So, you’ve got an indoor cat and you’ve read that it’s important to stave off boredom and depression through interactive play. Great! The problem is your cat doesn’t seem all that interested in the toys you’ve provided him or her so far, and you’ve probably bought a lot of them over time. There are actually three main reasons for that. One is age, the other is the toy and the last and most important thing is you’re probably not playing with them the right way.
From Kitten to Cat
When kittens, felines are far more apt to play with toys. Starting at around four months old they gradually begin to lose interest. By the time they’re a year old they’re careening around far less frequently and toys are mostly forgotten. While some cats retain a playful spirit into adulthood with regards to objects and toys, most seem bored and disinterested.
Ok. You’ve tried them all. Nothing works. You’ve got a basket full of like-new cat toys that your cat or cats could care less about. Stop spending money. Get a shoelace, a long piece of yarn or heavy string. Pop off that thin plastic ring that remains on the neck of a gallon jug once you twist the cap off. Or if it has one of those plastic pull-tab rings that you peel away in order to remove the cap, that will work, too. Paper shopping bags and old boxes also work great. Cats actually prefer “toys” like these.

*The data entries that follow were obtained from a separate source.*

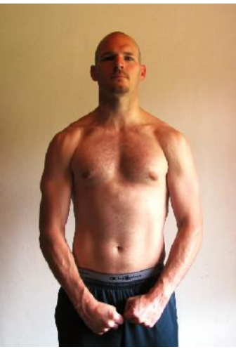
[After completing Phase 3]
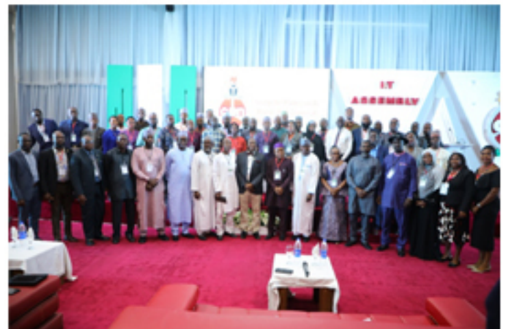
A Cross Section of Inductees taking turn to Take pictures with Council Members after the Induction Ceremony
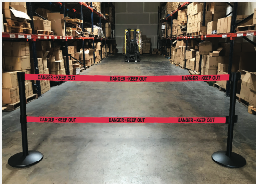
DUAL BELT OPTION
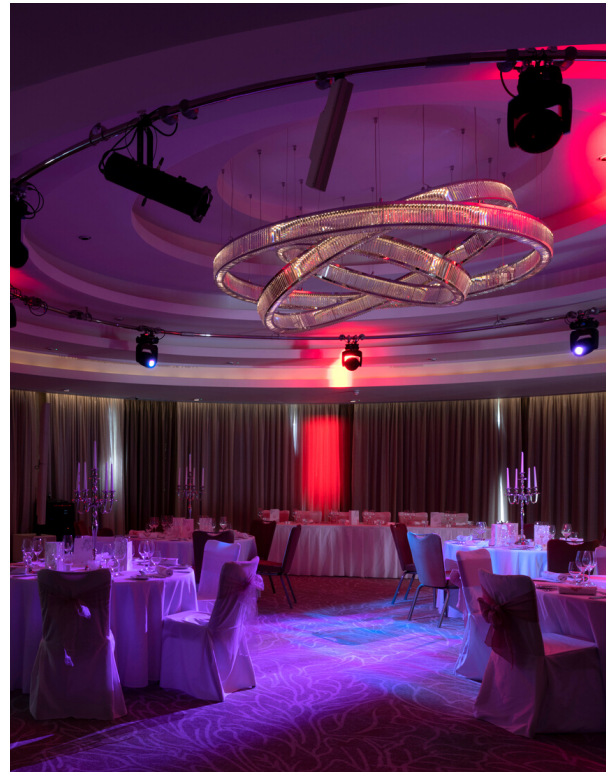
Grantley Suite, Events Space

Grantley Hall's thirty acres of stunning woodland, parkland and grounds, complete with its very own lake and English-Heritage listed Japanese garden also benefit from this level of automation. The Lutron lighting control system ensures walkways and outdoor spaces are perfectly lit on an evening, automatically coming to life as the sun sets and allowing guests to wander around the gardens and enjoy a drink as the sun sets.
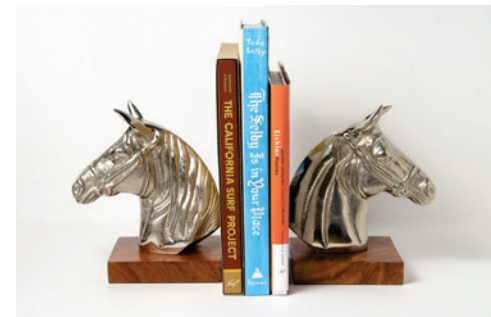
HORSE BOOKENDS $120 Dennee's Distinctive Furniture, 310-540-0437
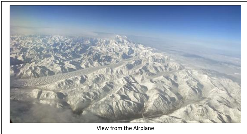
View from the Airplane

in South Korea for 8 months. We thank them for their service and for the sacrifices they and their families make.
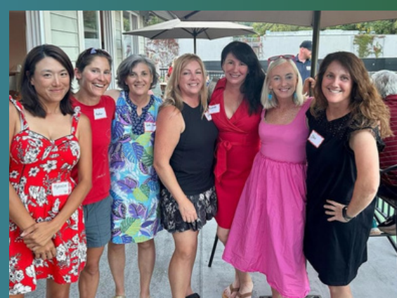
CTC NEWSLETTER AUGUST 2023
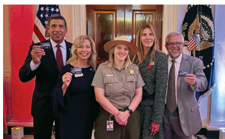
Gold Star Families receive Lifetime Pass for free access to National Parks
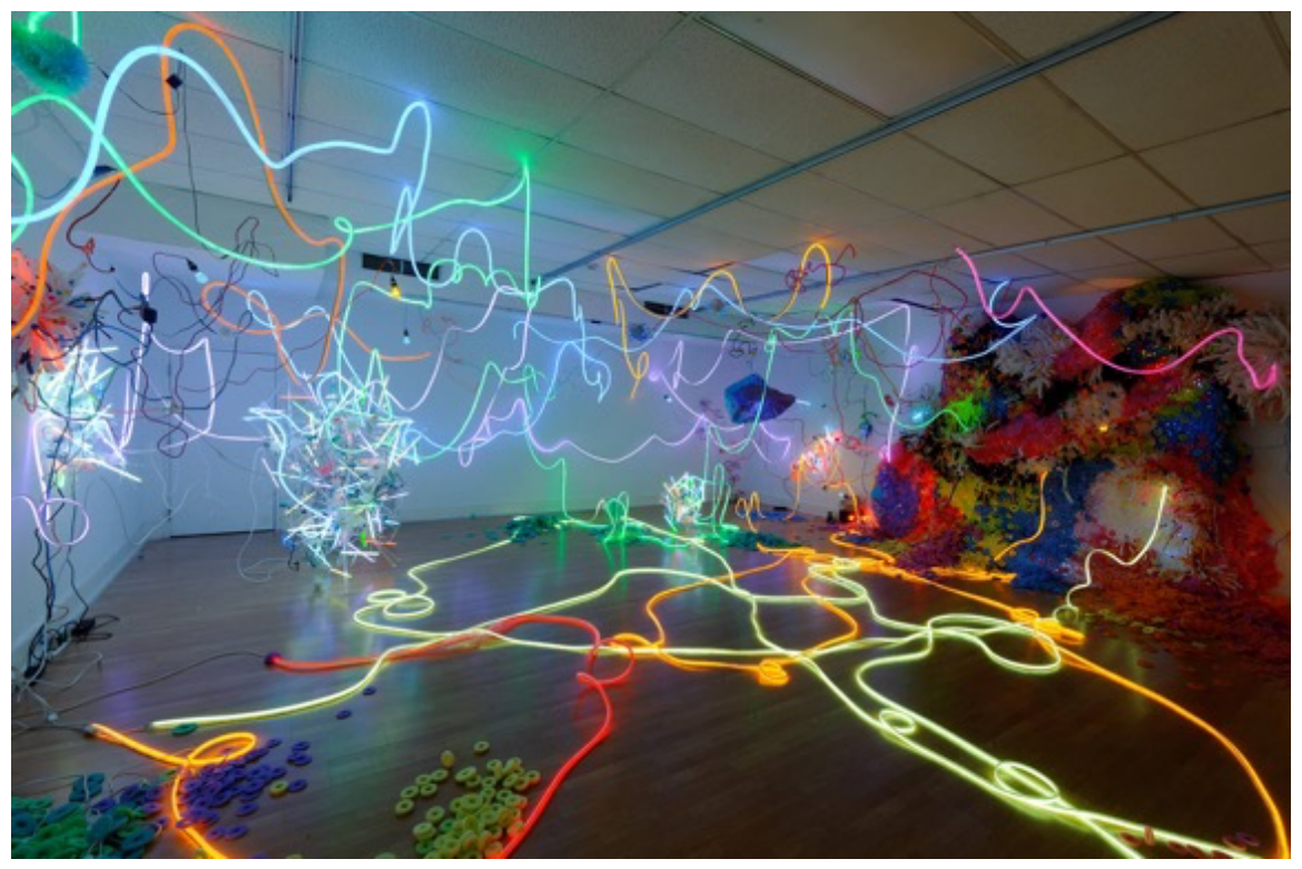
Primordial Garden

Joseph Kosuth, Jason Rhoades, just to name few, I was thrilled to exhibit next to their works in the same museum. Being able to exhibit among these famous artists gives me a platform to speak about the future of the light movement. I was ready to present the formal and conceptual parts of my work with an exhibition encompassing the latest technologies in the light and computer industries with the undertone of the overwhelming consumerism and digital aspect of this century and sublimities of climate change."
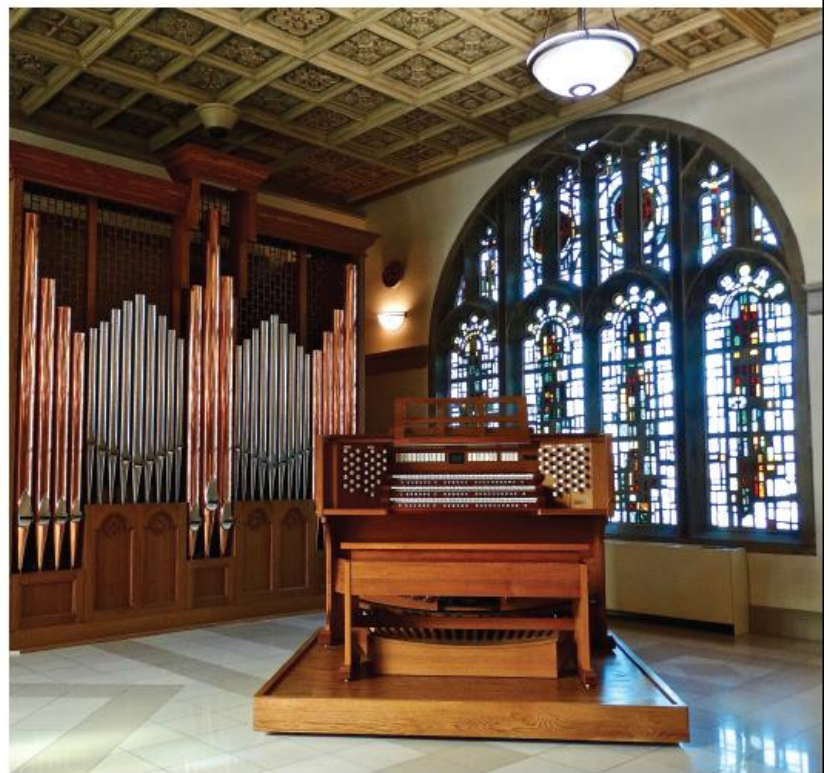
THEOLOGICAL COLLEGE, WASHINGTON, D.C.

is a full-line representative for pipe, digital, and hybrid organ solutions.
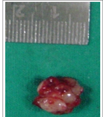
Figure 3: Grey, irregular, multilobulated soft mass measuring 12x10x6mm

excess trauma to surrounding functional spinal cord tissue [4]. The Mycobacterium TB isolated from the tuberculoma will help in deciding the AKT in the present scenario of drug resistance to AKT. AKT with four drugs HRZE having good cerebrospinal fluid penetration recommended for 12 months post-operative. We suggest a combination of surgical excision of tuberculoma along with AKT for IMT not responding to AKT for a good outcome.
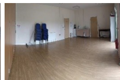
View of the Kitchenette (Rear Hall)

Returnable deposit Children's Parties up to 13years of age there is a returnable deposit of £50 Parties from 6pm onwards the returnable deposit of £100 (no alcohol) or £150 (alcohol) Deposits are required with 48hrs of booking your party date. This is non-refundable if the function is cancelled within 2 weeks of the booked date. 10% of the deposit is retained if cancelled with more than 2 weeks notice. We also hire out a sound system and projector if required. Between the ages of 14th to 21 st special conditions. (Sorry we no longer catering for 16th birthday parties) Please ask for details.
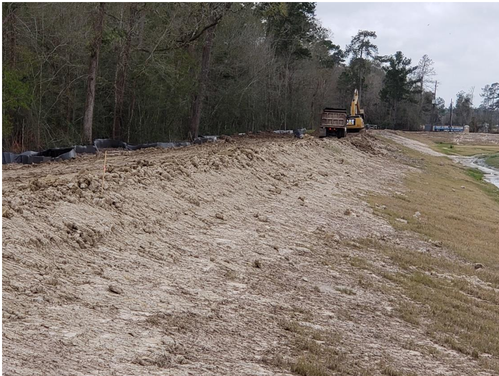
View of New Berm Between Detention Pond #1 and #2 Under Construction
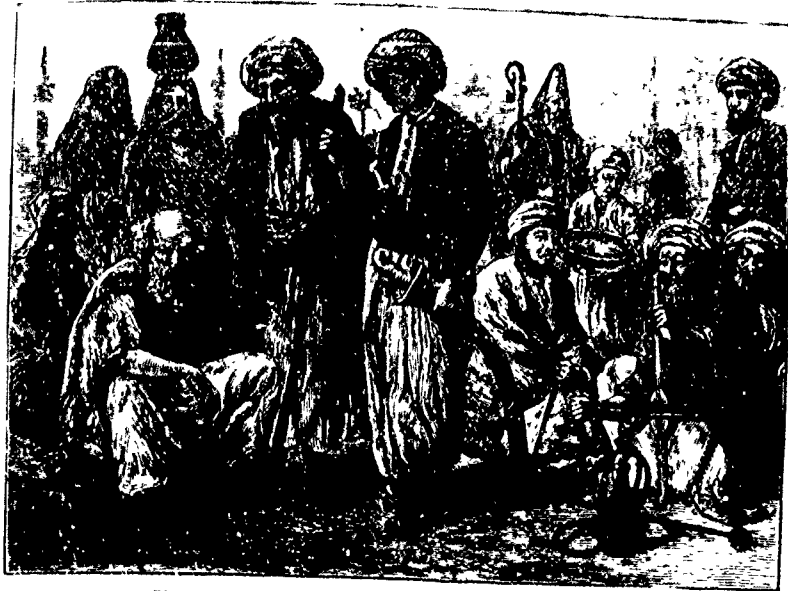
NATIVE TYPES IN MODERN PALESTINE.
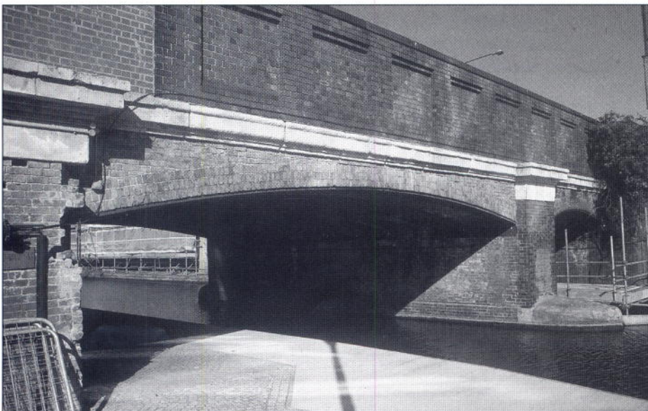
General view of the main span of Brunel's Paddington bridge, with later brick parapet
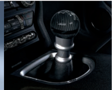
Carbon-fiber gear shift knob
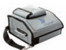
Carrying cases A choice of lightweight or heavy duty carrying cases
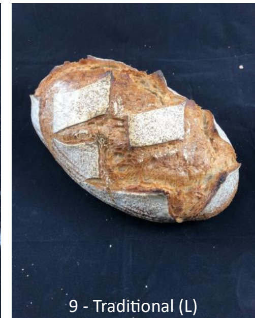
9 - Traditional (L)
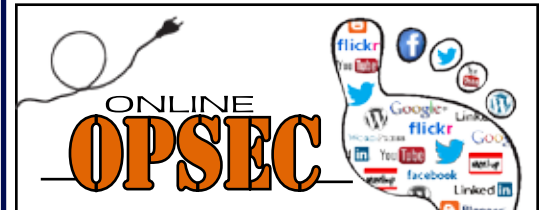
Managing your digital footprint
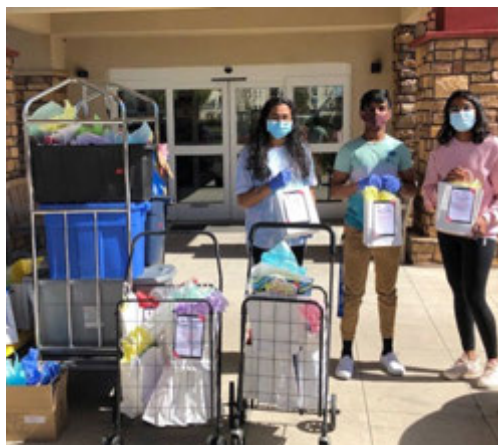
The great kids brought in 128 bags for our residents.

Back in September, a group of kids through "COVID Check-In" called us and asked if they could bring gift bags for all of our residents. Of course we said "Yes"! They are a group that puts together gift bags containing snacks, books, puzzle books, coloring books and colored pencils, and every bag had a handwritten note to the residents. We delivered them to each resident one morning and spent the rest of the day listening to the residents gush over how amazing and thoughtful the kids were. We are getting a big thank-you card together for all of the residents to sign. The group simply wanted to let seniors in the area know that they are loved and hopefully give them some joy by the generous gift. They succeeded!

Whether you’ve got a store-bought cat wand with feathers or a shoelace or piece of string doesn’t matter. What does matter is how you employ them. Rather than dangling them directly in your cat’s face and then jerking them away and then taunting them with it again, manipulate the toy in a way that mimics prey behavior. That’s what drives cats. That’s what they’re hardwired for, stalking prey. Prey doesn’t get in a predator’s face and taunt it. Prey scurries, runs and hides.
If you’ve been approaching play as described above, you’ve probably gotten some pretty bored responses, if not downright annoyance on the part of your cat.
When cats hunt they start by quietly and patiently watching. They move on to slow, crouched stalking with a lot of stopping and waiting and progressing along the way before finally pouncing. This is the chase. This is what excites them. Because of this, you want to move the toy or object away from your cat, not fling it in his or her face. Every so often stop and give the object a jiggle or shake. In other words, make it quiver and then hide it from sight before continuing on.
Ultimately, you want to pique their curiosity. Continue to move the toy, string, or whatever it is slowly away from your cat until they begin to stalk it and eventually pounce on it. Let your kitty catch it frequently to encourage play and keep interest levels up. When you’re through, reward your hunter or huntress’s accomplishments with a few small treats.
Cat Toy Tips
It’s a good idea to select a long stick, pole, piece of string or yarn for this game, allowing them plenty of personal space while avoiding getting scratched in the process. Another tip is to not leave interactive toys out for them to see regularly and end up bored with. Finally, if you’re going to purchase cat toys, consider a laser light for them to chase (DON’T ever shine it in their eyes), or the tiny fur-covered mice filled with beads that make noise for sating their hunting instinct.